**Required action:**
Nothing but the lines below from the one containing "An Italian oval" through the one containing "Pack de 4 juegos" should appear in the answer, exact and without pictures.

Start of Record extracts

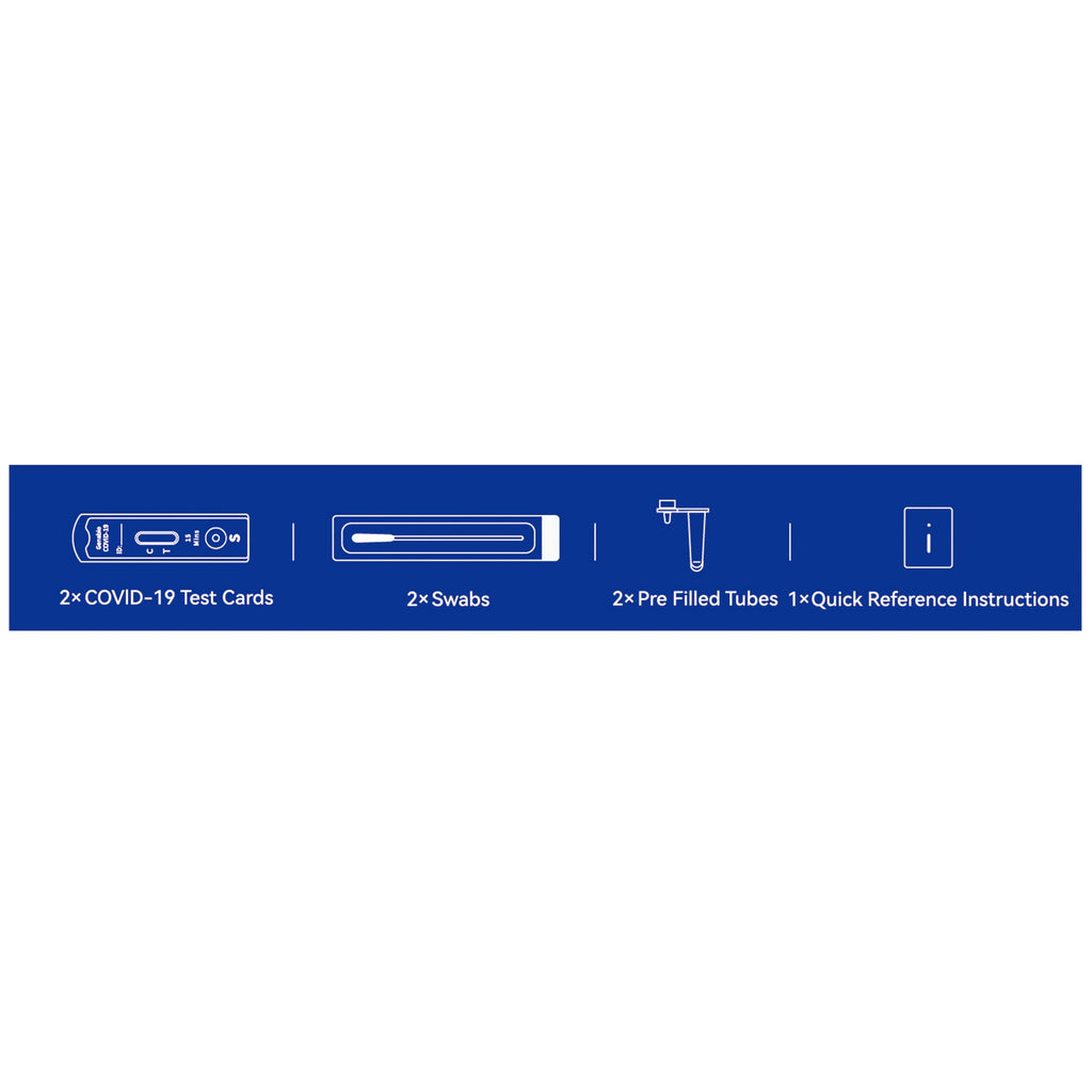 • Each pack consists of two test kits each of which is a COVID-19 test card, a nasal swab, a tube and quick guide instructions; there are 102 packs in a case for a total of 404 tests.
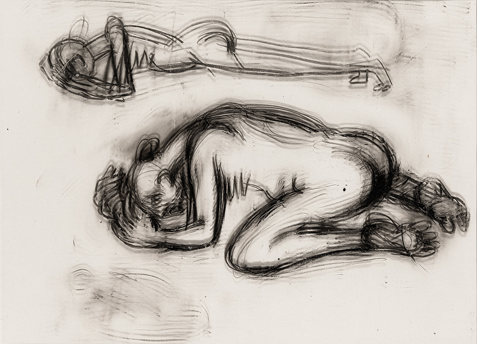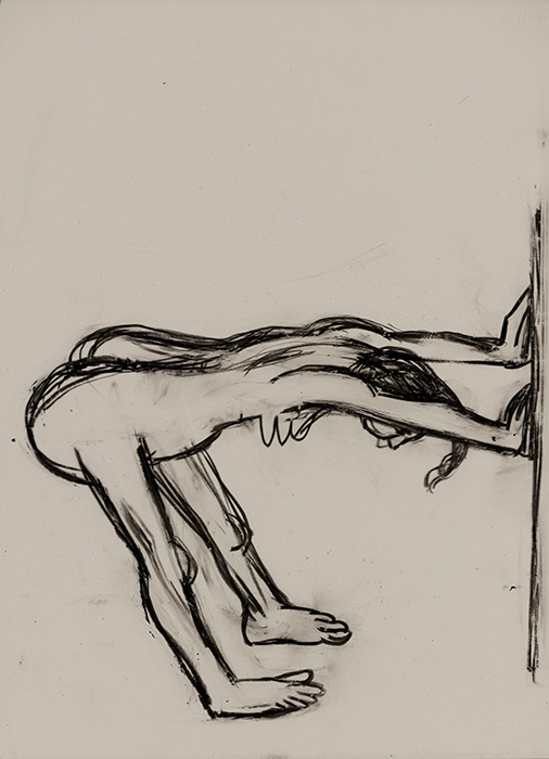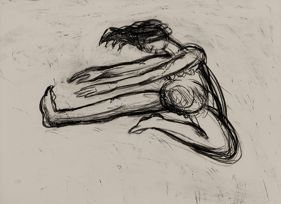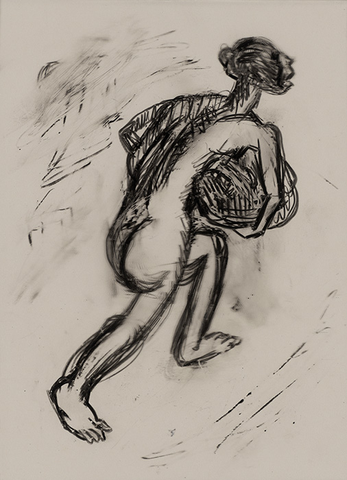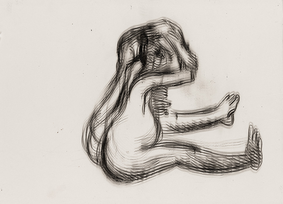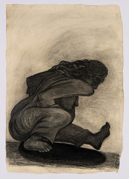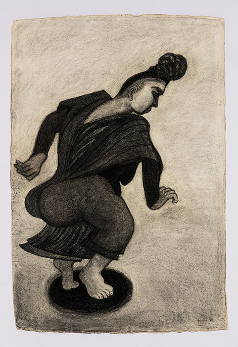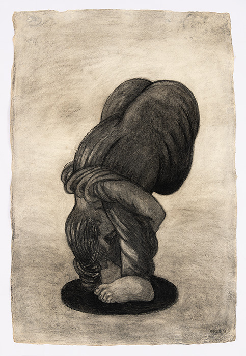 In a series of dense charcoal drawings done on large handmade papers, the artist seems to turn inwards seeking the center of gravity in a turbulent and labyrinthine mass of forms. There are moments when the bodies seem about to topple over, only to be saved by their instinctive sense of balance. The bodies are either struggling to get out of, or trying to remain within the shadows cast by their own selves. These powerful works highlight the ambivalent relation between safety and freedom, between the need to remain within one’s safe zone and the need to step out, between sanctuary and prison. The series powerfully articulates the struggle with the self that is the ultimate hurdle to emancipation. They strongly exemplify the introspective and assertive qualities in Shakuntala’s work mentioned above. In their strange inward silence, they suggest that only woman herself can be her own saviour. The decision is ultimately hers alone.
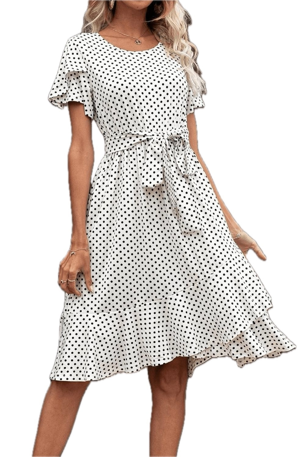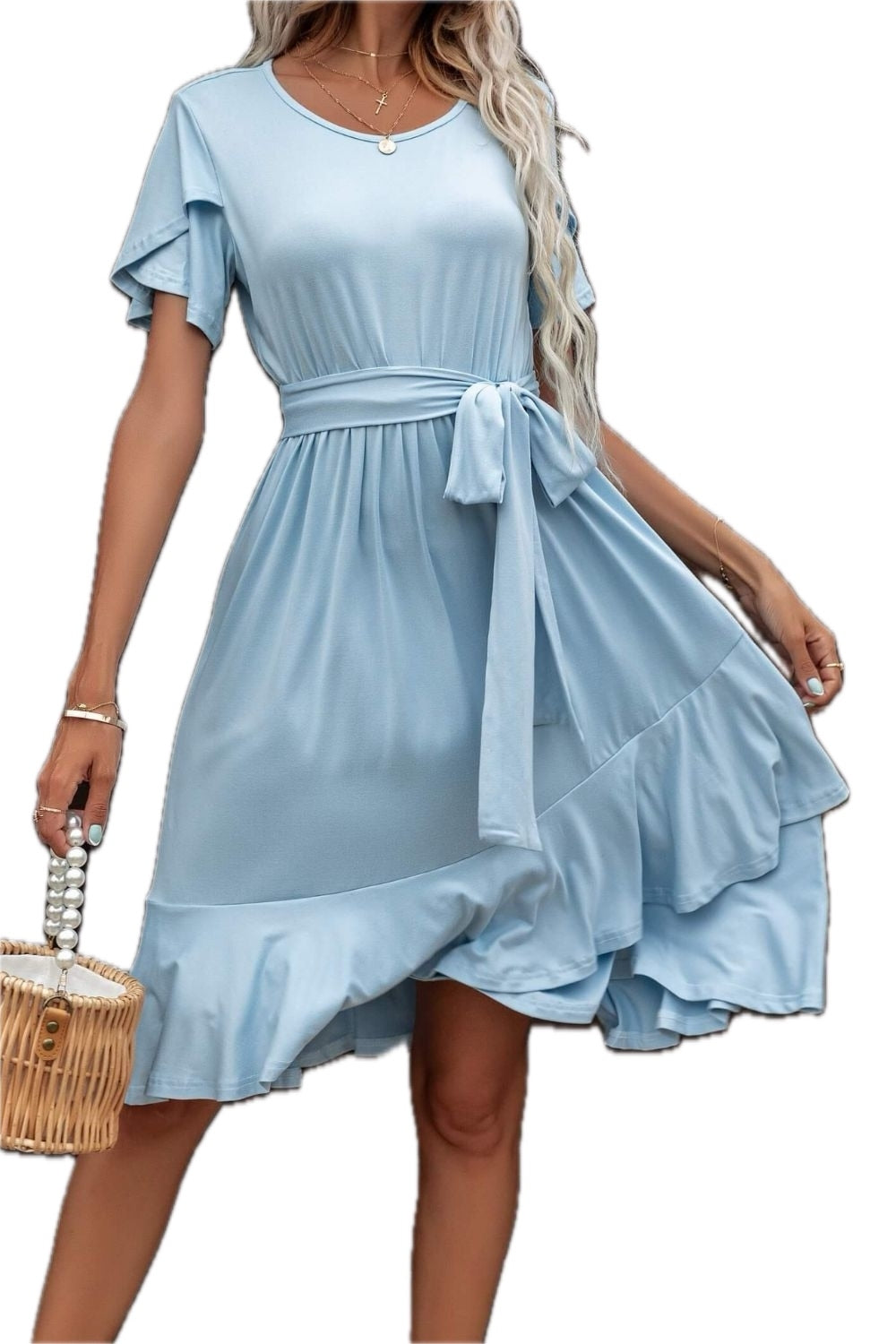 Women's Tie Waist Petal Sleeve Ruffle Hem Dress Round Neck Knee Length 95% Polyester 5% Spandex Casual Everyday
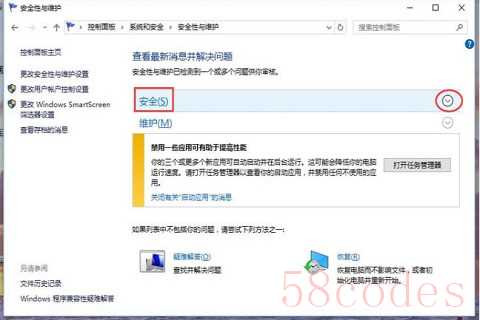 3.接着,进入“安全性与维护”的页面后,点击“安全”向下的箭头图标;
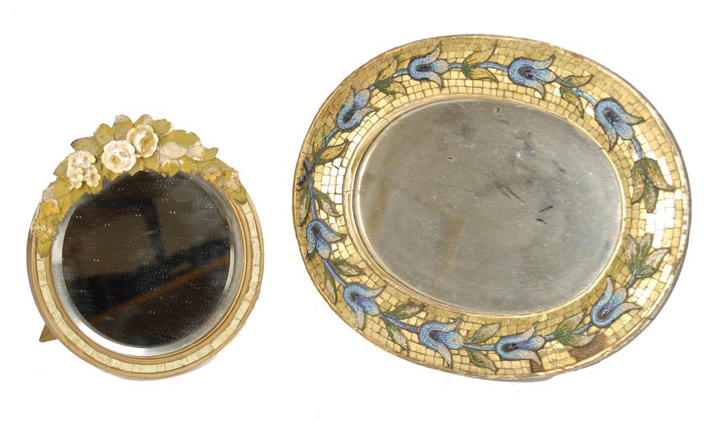 An Italian oval easel back mirror, with a floral mosaic and gilt ground border, 9.75 x 12.25in (25 x 31cm) and a circular Barbola frame mirror. (2)
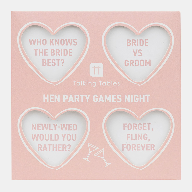Pack de 4 juegos para animar la despedida de soltera: - ¿Quién conoce mejor a la novia?- Novia vs Novio- ¿Preferirías...? (versión recién casados)- Forget, Fling, ForeverTamaño de caja: 10 x 10 x 5 cmProducto: ReutilizablePackaging: ReciclableCómo usar: Ideal para romper el hielo entre invitadas o regalar a otra novia futura.
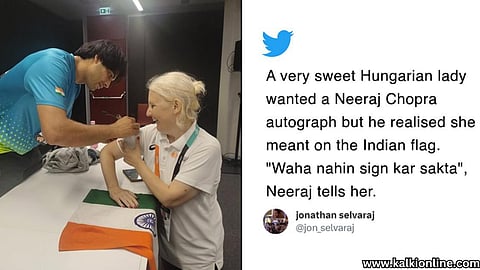 அதன் பிறகு அந்த நபரின் டீ சர்ட்டில் நீரஜ் சோப்ரா ஆட்டோகிராப் மோட்டார். இவரின் இந்த செயலை பலரும் கொண்டாடி வருகின்றனர். விளையாட்டு மட்டுமின்றி தன் தாய் நாட்டு தேசியக் கொடியை மதிப்பதிலும் நீரஜ் சோப்ரா சிறந்தவர் என பலரும் பாராட்டி வருகின்றனர். அத்துடன் மூவர்ணக் கொடி அருகில் இருக்க தன் பெண் ரசிகையின் டீசர்டில் அவர் ஆட்டோகிராப் போடும் புகைப்படமும் இணையத்தில் ட்ரெண்டாகி வருகிறது.
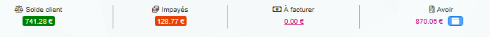 J’ai maintenant un crédit disponible de 870,05€, un impayé de 128,77€, et le solde à rembourser à mon client.
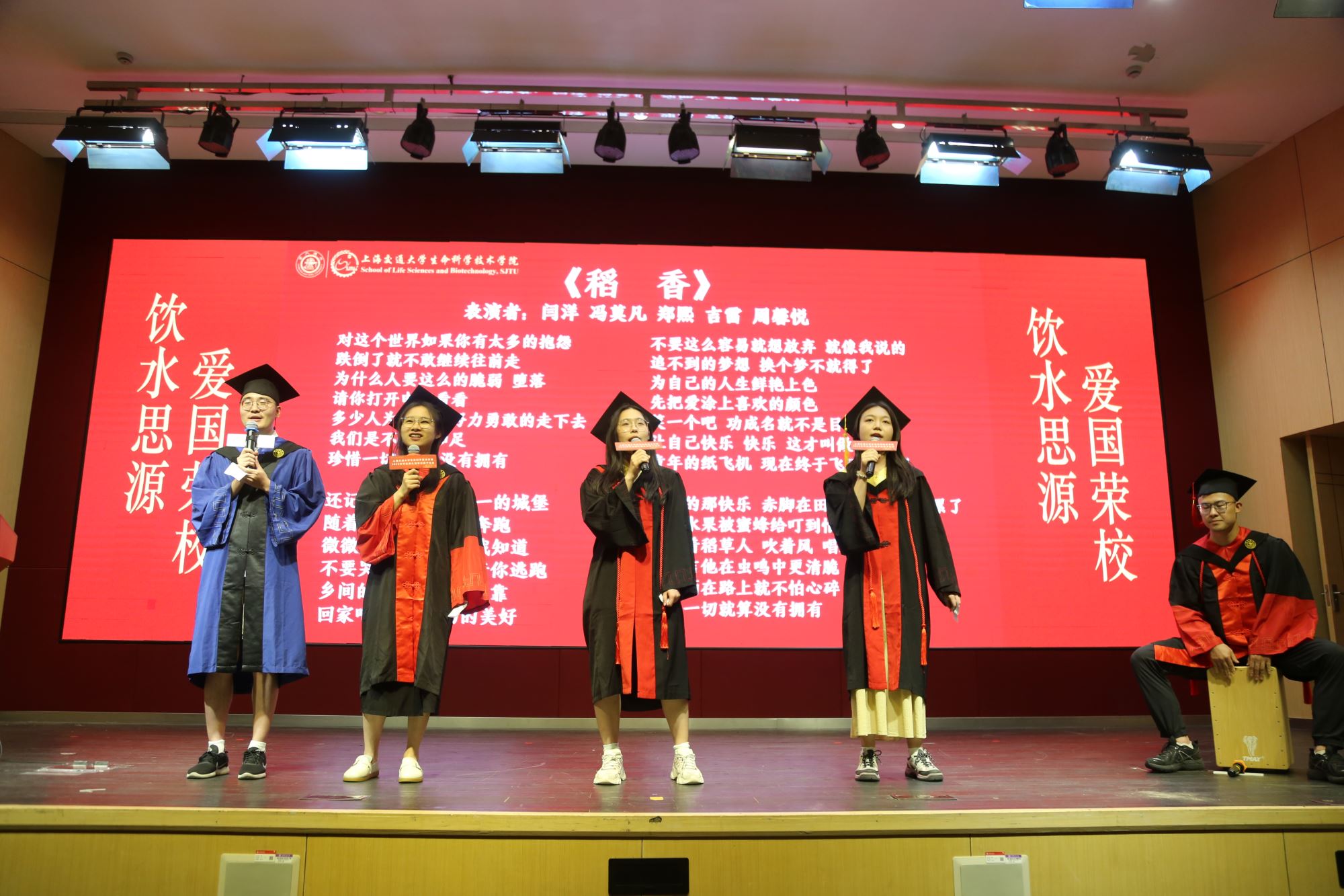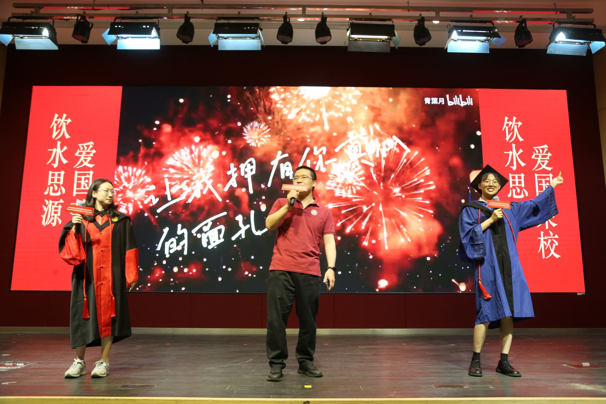 典礼开始前,在2025届毕业纪念视频循环播放营造的温馨氛围中,张萍、徐俊等教师与毕业年级学生共同带来歌曲表演。毕业离别之际,师生同台演唱,共叙师生情谊。

End of Record extracts

**Completed task:**
 An Italian oval easel back mirror, with a floral mosaic and gilt ground border, 9.75 x 12.25in (25 x 31cm) and a circular Barbola frame mirror. (2)
Pack de 4 juegos para animar la despedida de soltera: - ¿Quién conoce mejor a la novia?- Novia vs Novio- ¿Preferirías...? (versión recién casados)- Forget, Fling, ForeverTamaño de caja: 10 x 10 x 5 cmProducto: ReutilizablePackaging: ReciclableCómo usar: Ideal para romper el hielo entre invitadas o regalar a otra novia futura.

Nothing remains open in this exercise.